## [PROBLEM DETAILS]
The line containing "Incendio de vehículo", and every line after it to the end of the listing, should be repeated exactly; the pictures should not.

## [SOURCE RECORDS]

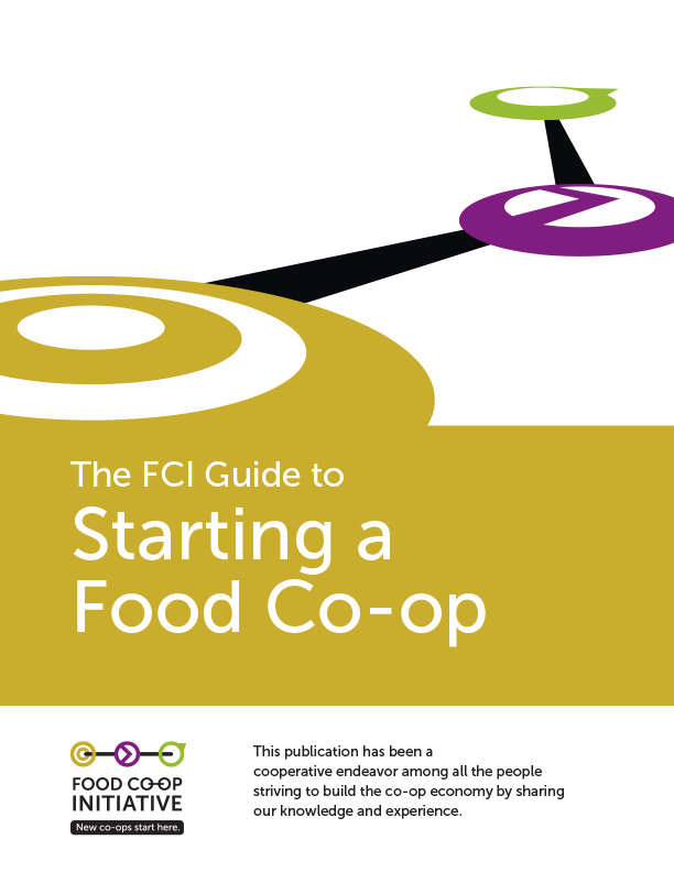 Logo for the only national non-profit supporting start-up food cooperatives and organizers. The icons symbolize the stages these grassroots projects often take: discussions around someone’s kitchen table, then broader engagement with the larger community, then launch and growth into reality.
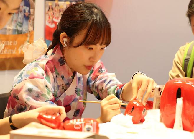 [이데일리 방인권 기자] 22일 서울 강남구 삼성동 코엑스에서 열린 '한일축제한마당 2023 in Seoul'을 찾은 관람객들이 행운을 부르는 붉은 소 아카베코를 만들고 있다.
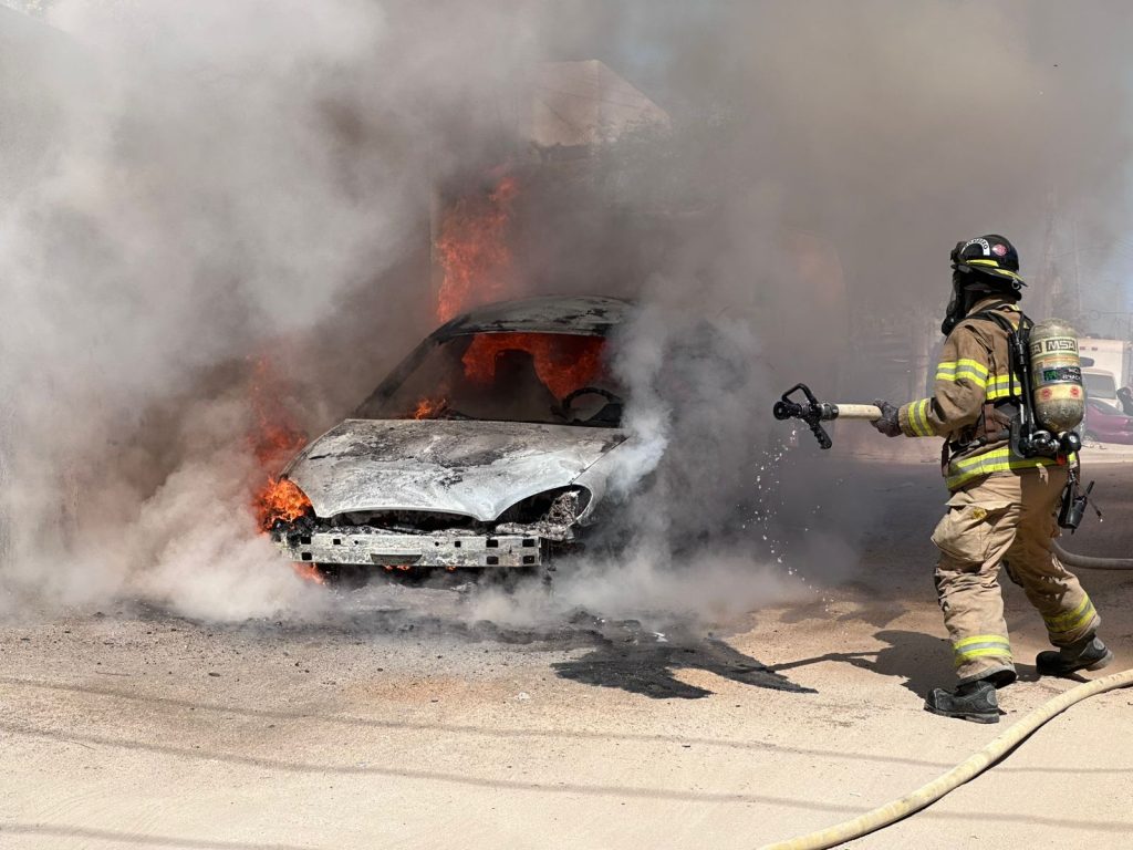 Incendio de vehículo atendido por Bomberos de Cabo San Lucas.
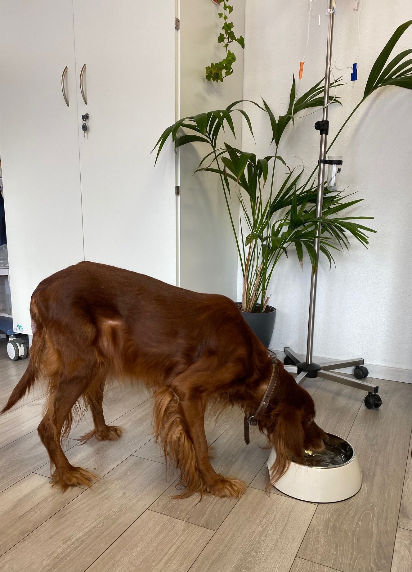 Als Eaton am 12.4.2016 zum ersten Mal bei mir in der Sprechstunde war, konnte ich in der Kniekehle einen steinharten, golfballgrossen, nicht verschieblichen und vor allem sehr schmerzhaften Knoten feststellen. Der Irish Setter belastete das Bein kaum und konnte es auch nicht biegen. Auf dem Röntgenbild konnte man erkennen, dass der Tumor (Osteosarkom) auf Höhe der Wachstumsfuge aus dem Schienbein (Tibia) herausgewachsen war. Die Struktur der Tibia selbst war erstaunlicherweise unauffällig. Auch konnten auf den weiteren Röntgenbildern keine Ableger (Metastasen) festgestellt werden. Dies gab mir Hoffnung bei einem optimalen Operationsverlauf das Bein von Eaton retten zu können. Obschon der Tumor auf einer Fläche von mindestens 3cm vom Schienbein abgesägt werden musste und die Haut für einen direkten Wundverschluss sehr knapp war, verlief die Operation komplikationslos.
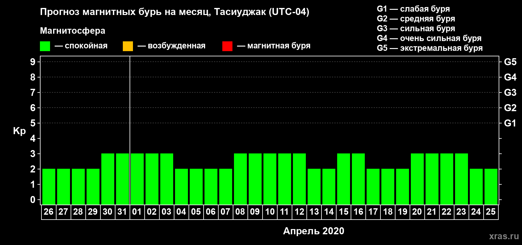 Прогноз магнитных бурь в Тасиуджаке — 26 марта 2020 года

## [ANSWER SPACE]
 Incendio de vehículo atendido por Bomberos de Cabo San Lucas.
 Als Eaton am 12.4.2016 zum ersten Mal bei mir in der Sprechstunde war, konnte ich in der Kniekehle einen steinharten, golfballgrossen, nicht verschieblichen und vor allem sehr schmerzhaften Knoten feststellen. Der Irish Setter belastete das Bein kaum und konnte es auch nicht biegen. Auf dem Röntgenbild konnte man erkennen, dass der Tumor (Osteosarkom) auf Höhe der Wachstumsfuge aus dem Schienbein (Tibia) herausgewachsen war. Die Struktur der Tibia selbst war erstaunlicherweise unauffällig. Auch konnten auf den weiteren Röntgenbildern keine Ableger (Metastasen) festgestellt werden. Dies gab mir Hoffnung bei einem optimalen Operationsverlauf das Bein von Eaton retten zu können. Obschon der Tumor auf einer Fläche von mindestens 3cm vom Schienbein abgesägt werden musste und die Haut für einen direkten Wundverschluss sehr knapp war, verlief die Operation komplikationslos.
 Прогноз магнитных бурь в Тасиуджаке — 26 марта 2020 года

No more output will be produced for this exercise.